The Tennessee Valley Authority has submitted a plan to state regulators to use hydraulic dredges to pull the material from the river channel, pump it to an area of the Kingston Fossil Plant site where it can dry and then move it to temporary storage on a former ash pond that was converted to a recreation field years ago.
The process could take several weeks.
Also, the TVA, responding to an enforcement order by the Tennessee Department of Environment and Conservation, has turned over hundreds of pages of documents covering decades of operation at the Kingston plant, where the spill occurred Dec. 22.
The state agency is overseeing the cleanup and considering fines for violating the Clean Water Act.
The coal ash breached an earthen wall that held back a 55-foot-tall mountain of coal-burning byproducts.

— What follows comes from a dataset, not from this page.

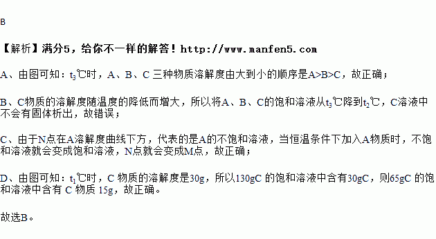 B.将 A、B、C 的饱和溶液从 t3℃降到 t2℃,溶液中均有固体析出

Some 1.1 billion gallons of sludge was released over 300 acres, and TVA estimates as much as 2.3 million cubic yards of ash entered the river.
"This is just the beginning," TVA spokeswoman Barbara Martocci said Friday of the dredging plan for the Emory River.
Meanwhile, new results from state environmental testing show no evidence the fly ash has harmed air quality in the area or that levels of radioactive radium in samples exceed what is typically found in fertilizers.
"All samples contained significantly less radium than the average concentrations typically found in phosphate fertilizers," the state environmental agency said on its Web page.